-------- PROVIDED MATERIAL --------

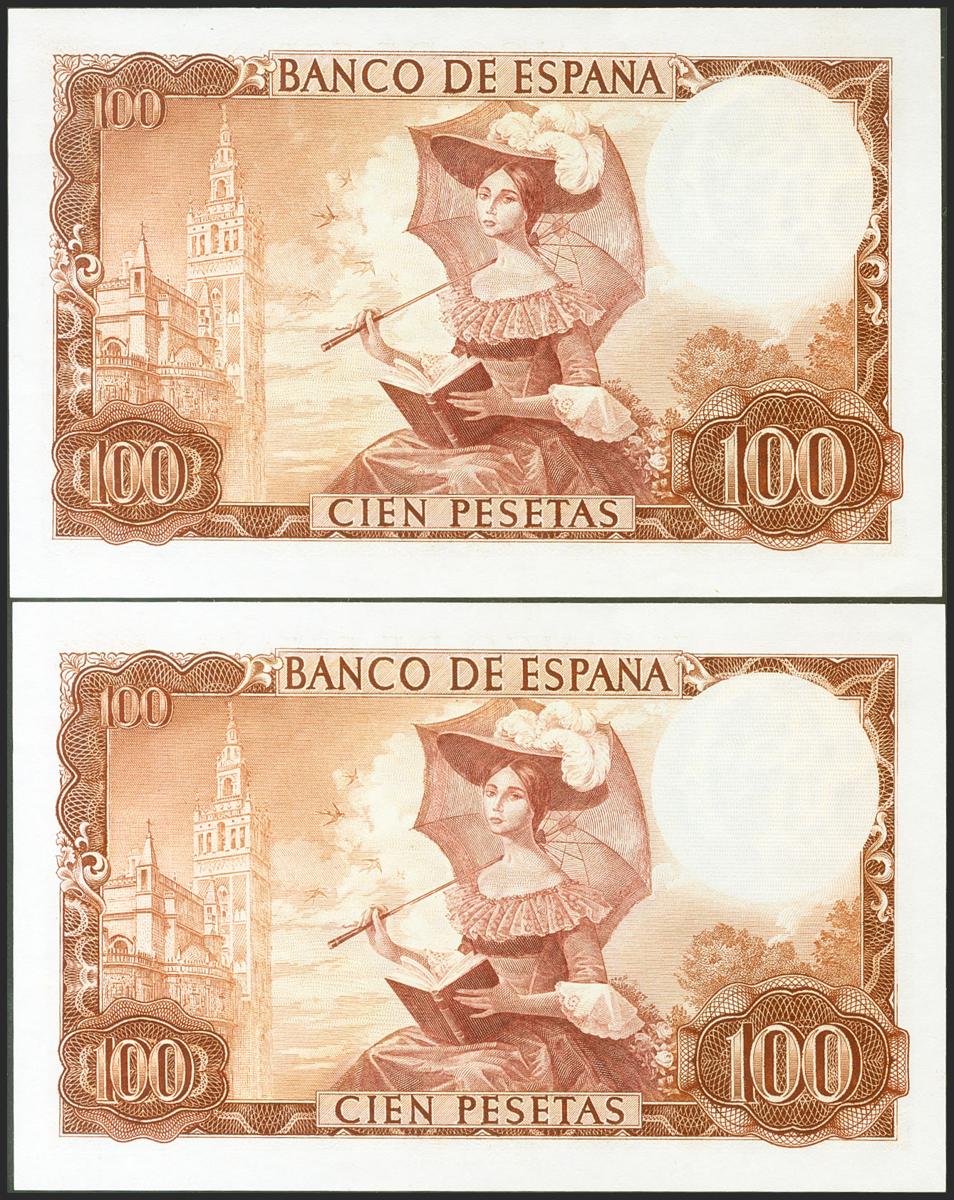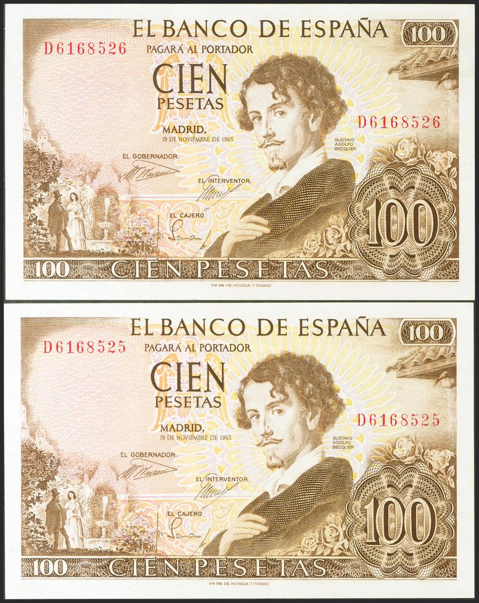 100 Pesetas. 19 de Noviembre de 1965. Pareja correlativa. Serie D. (Edifil 2021: 470a). Conserva todo su apresto original. SC-.
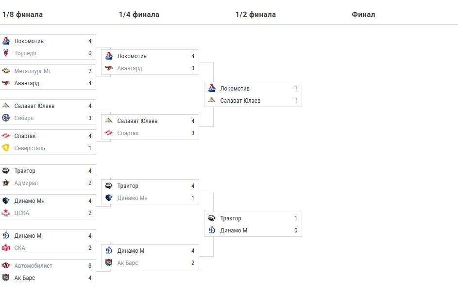 В Западной конференции нас ждет захватывающее противостояние между московским "Динамо" и челябинским "Трактором". На Востоке же выясняют отношения ярославский "Локомотив" и уфимский "Салават Юлаев". Давайте взглянем на ситуацию в этих сериях:
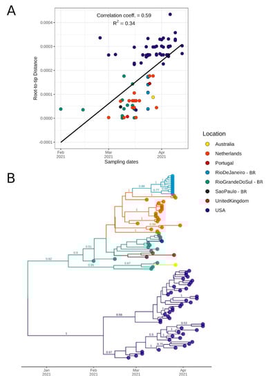 ML trees were inspected in TempEst v1.5.3 [] to investigate the temporal signal through regression of root-to-tip genetic divergence against sampling dates. For the P.1 ML tree, samples with missing days of the collection were filled with the 15th day of the month. ML and time-resolved trees were visualized using FigTree v1.4.4 (http://tree.bio.ed.ac.uk/software/figtree/; accessed on 4 May 2021) and ggtree R package v2.0.4 [].

--------

* WORK REQUEST *
A verbatim copy of the data, with all pictures omitted, is the required output.

* ANSWER FOR THIS EXERCISE *
 100 Pesetas. 19 de Noviembre de 1965. Pareja correlativa. Serie D. (Edifil 2021: 470a). Conserva todo su apresto original. SC-.
 В Западной конференции нас ждет захватывающее противостояние между московским "Динамо" и челябинским "Трактором". На Востоке же выясняют отношения ярославский "Локомотив" и уфимский "Салават Юлаев". Давайте взглянем на ситуацию в этих сериях:
 ML trees were inspected in TempEst v1.5.3 [] to investigate the temporal signal through regression of root-to-tip genetic divergence against sampling dates. For the P.1 ML tree, samples with missing days of the collection were filled with the 15th day of the month. ML and time-resolved trees were visualized using FigTree v1.4.4 (http://tree.bio.ed.ac.uk/software/figtree/; accessed on 4 May 2021) and ggtree R package v2.0.4 [].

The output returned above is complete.